Convert XFA Based PDF to DOCX and Concatenate using Aspose.PDF for .NET - data is lost in output

mpoole · July 12, 2017, 4:42pm

Aspose.pdf version 17.4 (for DotNet).
Code is in C#.

I have 5 pdfs, 4 of the PDFs are created from MS Word (saved as PDF), and one is an XFA based PDF.
When I concatenate all 5 pdfs into one PDF, the data from the XFA PDF is ‘removed’ from the final PDF.

Here is the code I’m using to concatenate the 5 pdfs into one:

_streamList is a List of the 5 pdfs as stream.

PdfFileEditor editor = new PdfFileEditor();
using (FileStream stream = File.Create(path))
{
editor.Concatenate(_streamList.ToArray(), stream);
}

Any help is much appreciated!
-Mark.

asad.ali · July 12, 2017, 7:56pm

@mpoole

Thanks for contacting support.

Please note that it is always recommended to use the latest version of the API which is Aspose.Pdf for .NET 17.7, because it includes all fixes and enhancement in it. Moreover, you may also use DOM (Document Object Model) approach to concatenate the PDF file(s), which is recommended as well instead of old Aspose.Pdf.Facades.

You may find more information about PDF concatenation via DOM in “Concatenate PDF Files” article in the API Documentation. In case if you still face any issue, we will really appreciate if you can share sample input document(s), so that we can try to replicate the issue at our end and address it accordingly.

Best Regards,
Asad Ali

mpoole · October 2, 2017, 4:34pm

Hello,
Using Aspose.pdf 17.9, I’m not able to successfully concatenate the following three Pdfs and maintain all data:

AcroForms.1.pdf (146.3 KB)
AcroForms.2.pdf (131.0 KB)
Original.XfaBased.pdf (464.4 KB)

The data from the XFA based Pdf is not included in the final concatenated PDF.
I’m using this code as the core of my concatenation method:
pdfEditor.Concatenate(listStream.ToArray(), stream);

Additionally, I’m not able to convert the Xfa based PDF to an Acro Forms document.
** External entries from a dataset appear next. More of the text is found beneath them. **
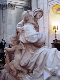 C’est dans le chœur que se trouve le tombeau du fameux Armand Jean du Plessis, cardinal-duc de RICHELIEU (1585-1642). Il est d’usage sur ce site de ne pas s’appesantir sur la biographie de personnalités aussi célèbres, dont Internet regorge de données : rappelons simplement qu’il fut un efficace et pragmatique ministre de Louis XIII, qui lui conserva sa confiance dans un contexte difficile ; et que c’est à lui que l’on dut l’édification progressive de l’absolutisme dont Louis XIV fut le bénéficiaire, au prix de la soumission de la noblesse, de certaines élites urbaines, et des protestants du royaume. A la mort du cardinal, la duchesse d’Aiguillon, sa nièce et héritière, prit en charge ses dernières volontés. Elle commanda un tombeau monumental à Girardon, qui ne fut achevé qu’en 1694, le corps de Richelieu étant déposé dans une crypte sous le cénotaphe.
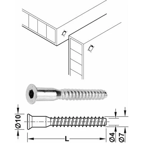 Lot de 20 vis auto-tourillonante confirmat avec tête fraisée ; Empreinte hexagonale creux SW4 ; Diamètre de tige = 7mm ; Longueur = 38mm ; Pour perçage de 5mm ; Acier zingué ; idéal assemblage de planche agglomérée, mélaminée ;
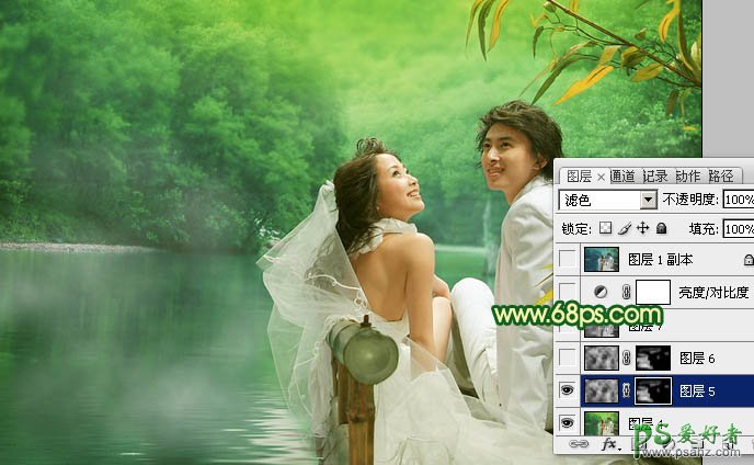 10、新建一个图层,按字母“D”,把前景背景颜色恢复到默认的黑白。执行:滤镜 > 渲染 > 云彩,效果如图25,确定后把图层混合模式改为“滤色”,按住Alt键添加图层蒙版,用白色画笔把水面部分的云彩擦出来,效果如图26。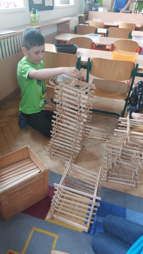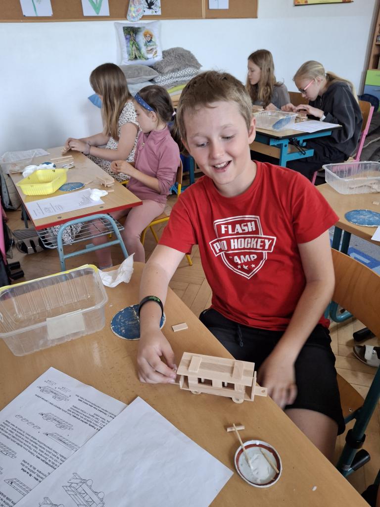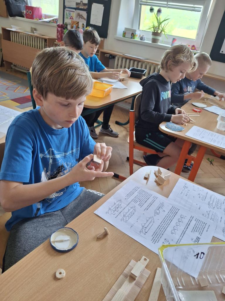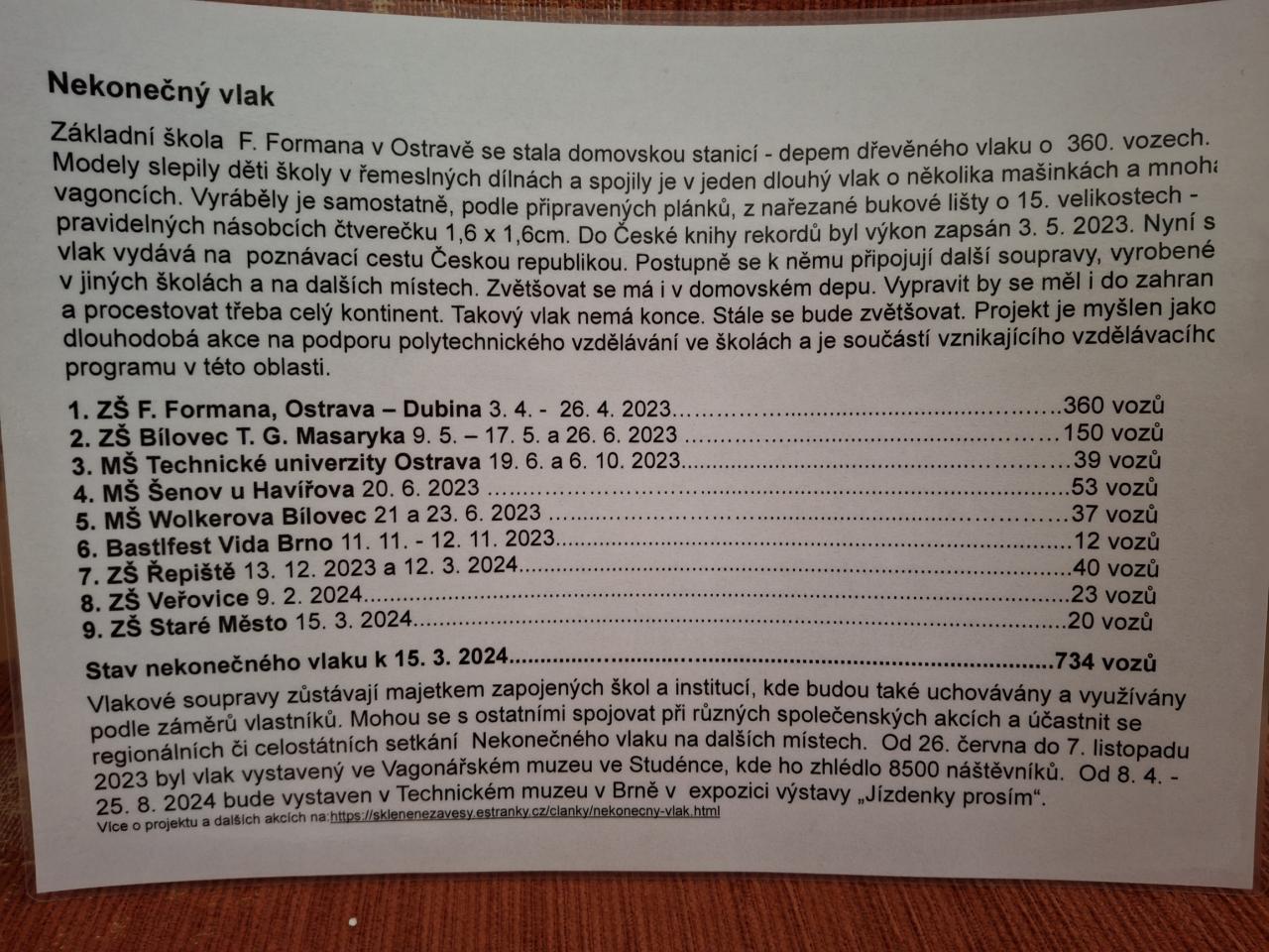 Ve dnech 2. a 9. května se naše děti přidaly k celorepublikovému projektu Nekonečný vláček. Každý žák vyrobil samostatně podle připraveného plánku vagónek, který se pak připojil k dalším a vzniká tak nekonečně dlouhý vlak, který nemá konce.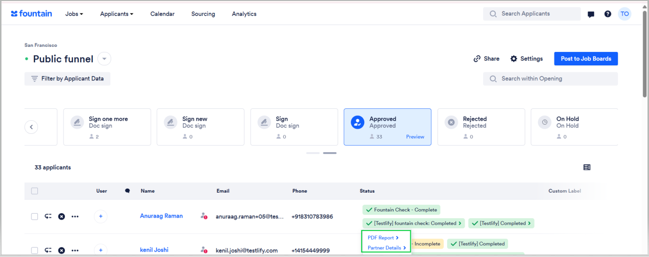 - Employers can view the candidate’s Testlify PDF report directly from Fountain.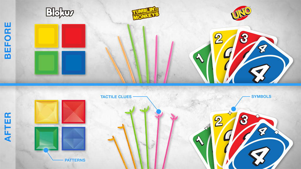 "Tematske" kartaške igre postaju sve "pristupačnije"!Djeca i obitelji koji žive s daltonizmom mogu proširiti svoju kolekciju igračaka jer je Mattel posvećen tome da većinu svojih igara učini prilagođenima za daltoniste, uključujući UNO i brojne varijante UNO-a, Tumblin’ Monkeys, Blokus, Skip-Bo i Phase 10. Kako bi igre bile još inkluzivnije, Mattel je surađivao sa stručnjacima za poremećaje vida i igračima s daltonizmom.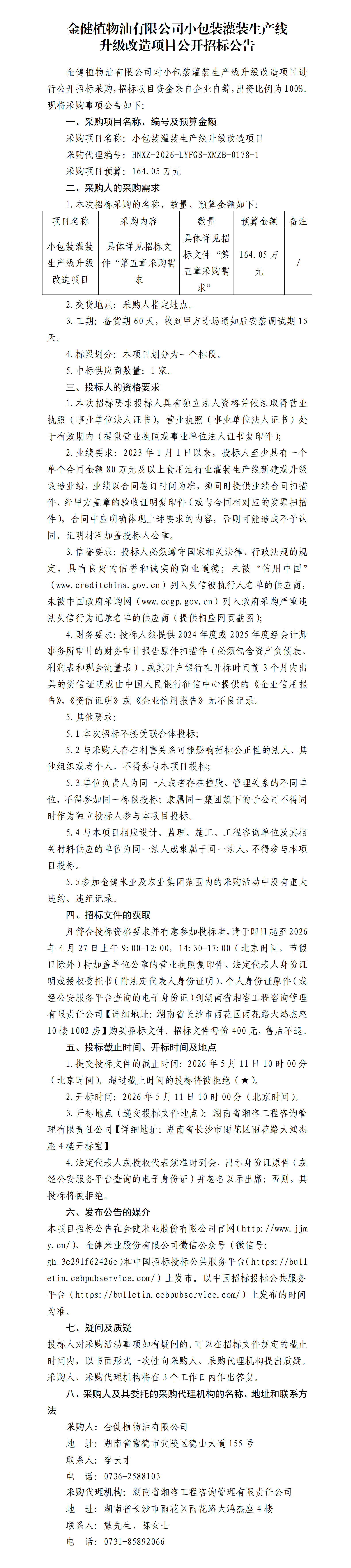 金健植物油有限公司小包装灌装生产线升级改造项目公开招标公告

I’ve tried the following methods:

var convertOptions = new PdfFormatConversionOptions(PdfFormat.PDF_X_1A);
doc.Convert(convertOptions);

doc.RemovePdfaCompliance();

Convert Pdf to word doc or docx (no data is preserved in the conversion).
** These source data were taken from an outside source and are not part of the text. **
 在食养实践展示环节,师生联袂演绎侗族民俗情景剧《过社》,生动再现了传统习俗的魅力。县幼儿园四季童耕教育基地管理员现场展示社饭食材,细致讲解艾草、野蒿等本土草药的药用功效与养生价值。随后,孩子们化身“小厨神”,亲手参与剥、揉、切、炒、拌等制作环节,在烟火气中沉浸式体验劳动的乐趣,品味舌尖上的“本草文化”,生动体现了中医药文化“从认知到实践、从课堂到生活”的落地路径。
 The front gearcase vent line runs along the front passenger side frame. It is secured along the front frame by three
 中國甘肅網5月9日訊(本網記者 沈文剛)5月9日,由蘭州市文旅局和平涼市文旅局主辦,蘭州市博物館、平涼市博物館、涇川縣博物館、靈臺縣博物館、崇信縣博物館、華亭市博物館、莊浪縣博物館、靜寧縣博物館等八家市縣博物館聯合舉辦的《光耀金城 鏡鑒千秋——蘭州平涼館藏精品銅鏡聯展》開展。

Any help you can offer would much appreciated.

-Mark

asad.ali · October 2, 2017, 9:30pm

@mpoole

Thanks for your inquiry.

As you have also reported these issue(s) in this forum thread, so we have already logged the issues as PDFNET-43439 and PDFNET-43440 in our issue tracking system and shared relevant details with you in other thread.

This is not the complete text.